I sometimes get into quite heated arguments about nuns. The problem occurs when I meet fellow 1960s women who went to bad convent schools. They relate horror stories of humourless (and, in some cases, dangerously stupid) nuns, who preached hellfire, imposed weird exotic punishments and daily excoriated the fearful, frightening, filthy world of sexuality. Not, frankly, the best way to the heart of a teenage girl, even a dreamy one with a picture of Cliff Richard on her wall.
And certainly not if her poster (torn down by Sister Evangelina with little cries of horror) depicted Mick Jagger with his shirt off.
Girls from such schools point accusingly to their own suffering, and conflate it with screen memories of the Magdalene laundries, Frost in May, Philomena and so on.
All of which was, indeed, reprehensible: human beings invested with authority and numinous dignity do risk succumbing to the temptations of power. No reason to think bad convents immune.
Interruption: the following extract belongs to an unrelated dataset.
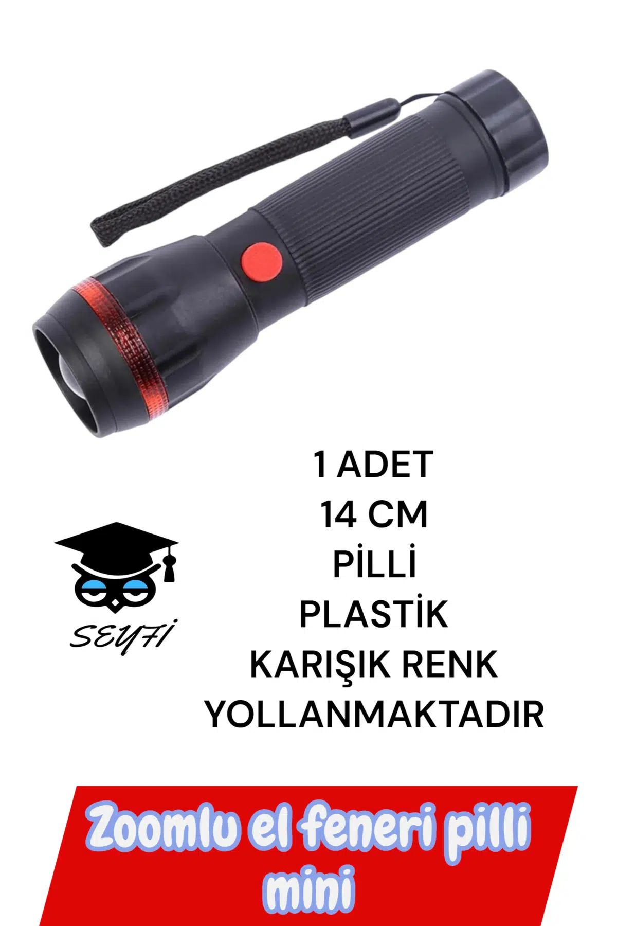 1 ADET 14 CM PİLLİ PLASTİK EL FENERİ KARIŞIK RENK YOLLANMAKTADIR
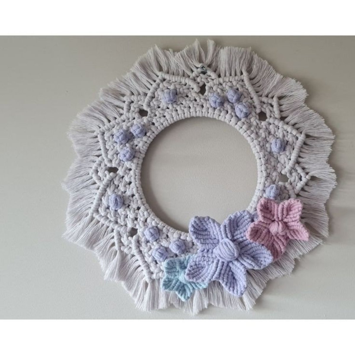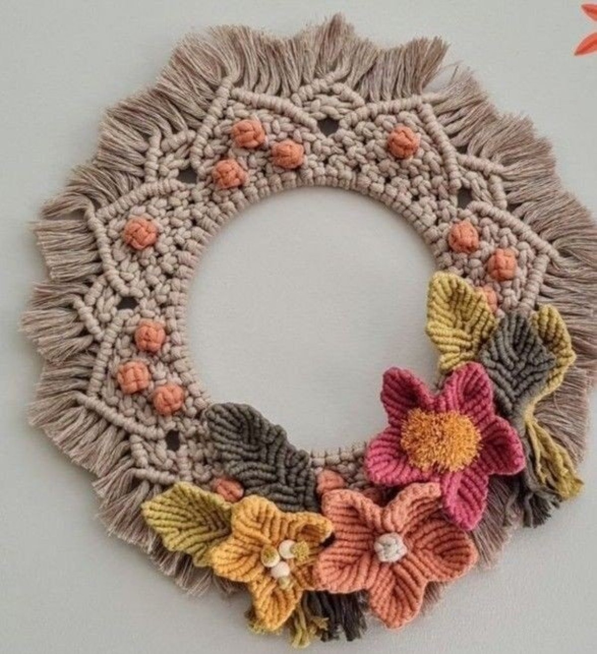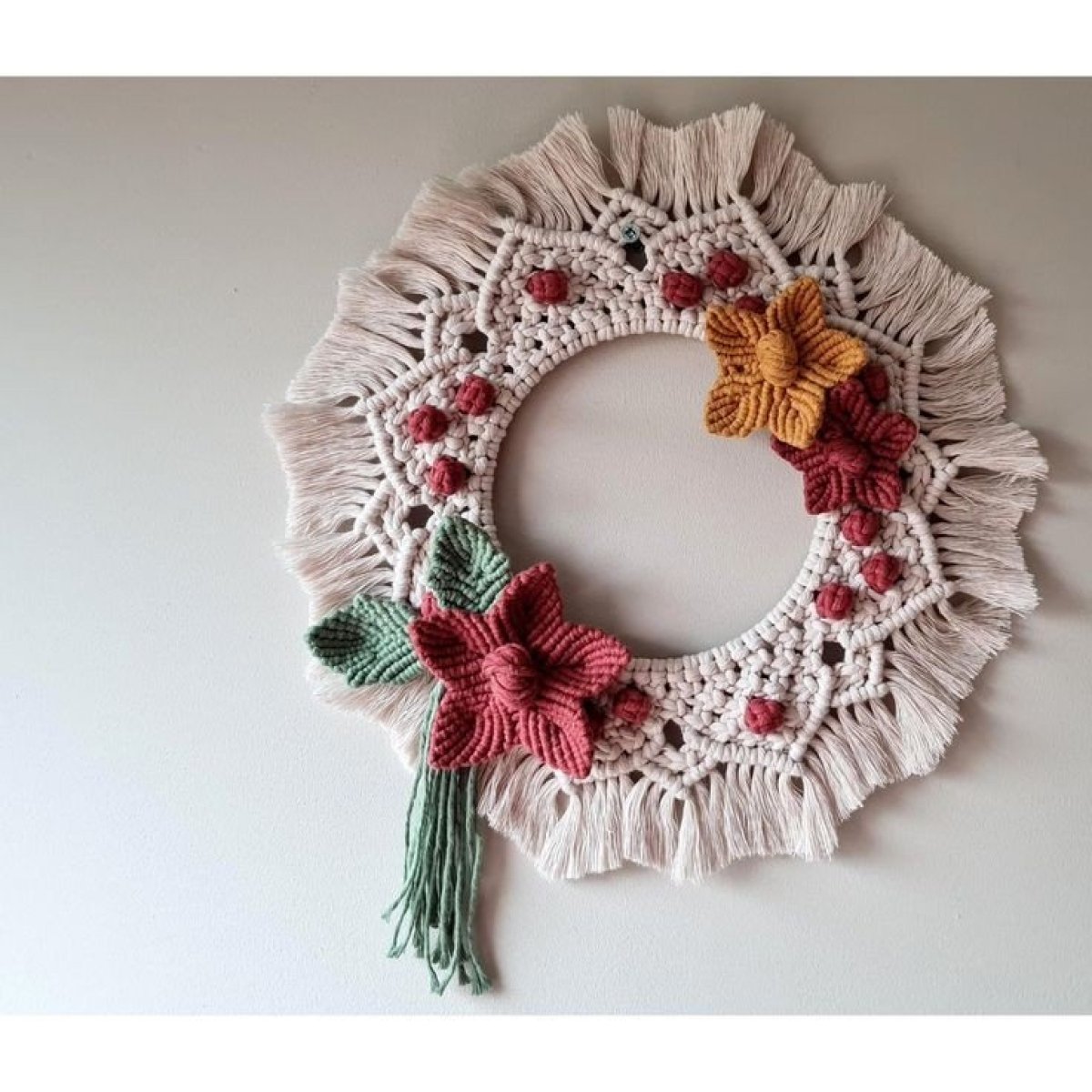 مراة حائط معلقة دائرية لديكور الشقة، مزينة باشكال من الورد و ورق شجر مصنوع يدويا مقاس 32/32 متوفر طلب المقاس المناسبة لك

I spent three terms in a bad one when my Dad was posted to South Africa in the apartheid years. In Krugersdorp, the nuns pulled off a double by not only bashing us with rulers a lot but also being startlingly racist (“The kaffirs don’t clean the cheppel properly, they’re dirty people”).
It was useful to learn, at 13, that even people with great silver pectoral crosses clonking on their front could be unholy.